Monthly Archives: March 2015
You know how you find yourself ruminating about something and you can’t seem to let it go? It’s that time when someone says or does something and you keep replaying it in your head and thinking “How could they have said that?” or “Why did they treat me like that?” You know you are really in the thick of it when you start playing the whole thing over and you come up with about 4 different ‘comebacks’ or other things you wish you had said or done.
Recently, I seem to have gotten caught up in a plethora of experiences/interactions that left me shaking my head, wondering what the hell I did wrong, and questioning everything. Then I finally figured out that I needed a serious reality check. I was getting caught up in my fears, insecurities, and doubts. It’s one thing to have my own doubts, fears, and such. But when a combination of my own stuff is going on and then I get healthy doses of other people projecting their own jacked up stuff in the form of criticism, judgment, impatience and lack of understanding…well it becomes one heck of a downward spiral.
So the thing is, I like peace in my life. I like ease and understanding. When those things are lacking, I immediately look inward to figure out what is going on and what I can change. What I have found is that sometimes all I need is a basic reality check. Think about it like an insurance claim. Stick to the fact, nothing but the facts. Leave out all emotions, assumptions, and impact. What actually happened?
An example could be: “This person said something that hurt my feelings.”

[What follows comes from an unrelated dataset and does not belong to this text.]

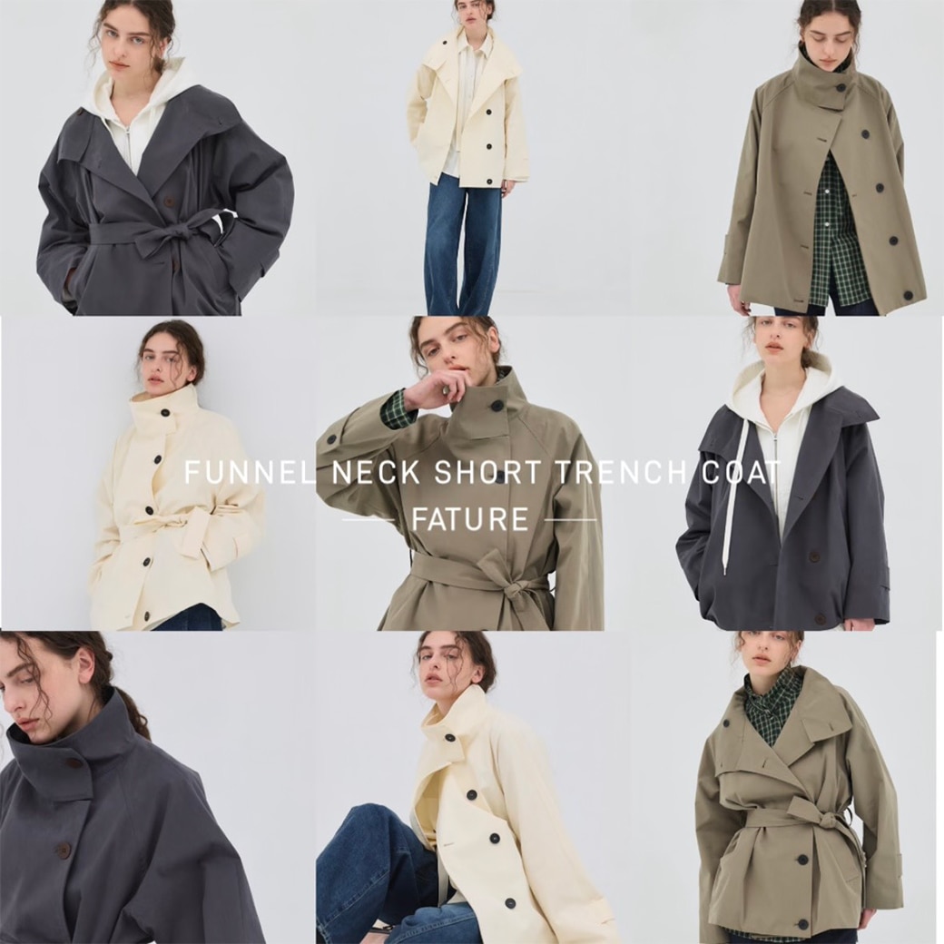ファンネルネックショートトレンチコート

The reality check? Someone made a statement. It’s not about denying feelings were in fact hurt, it’s about the fact that the only thing that happened in that moment was someone made a statement. Can you take that statement, interpret it, internalize it, then experience in a variety of ways? Sure. And that is the exact stuff to let go for a true reality check. When you start to play it out in your head and determine that the statement was right or wrong, that it was given with disrespect, that it somehow reflects your value; you are including assumptions and judgement. But it’s not about making assumptions OR judgement. It’s about looking at the facts. A statement was made. An action was taken. It does not have to define everything you are or represent the whole world.
The reality check doesn’t make a hurtful interaction go away, it doesn’t make a feeling not be present. It simply allows an opportunity to gain some objectivity and practice some self compassion and kindness. When we release our emotional attachments and judgments we can allow more room for understanding which ultimately can create a path of love through the form of forgiveness (whether it be for ourselves or someone else).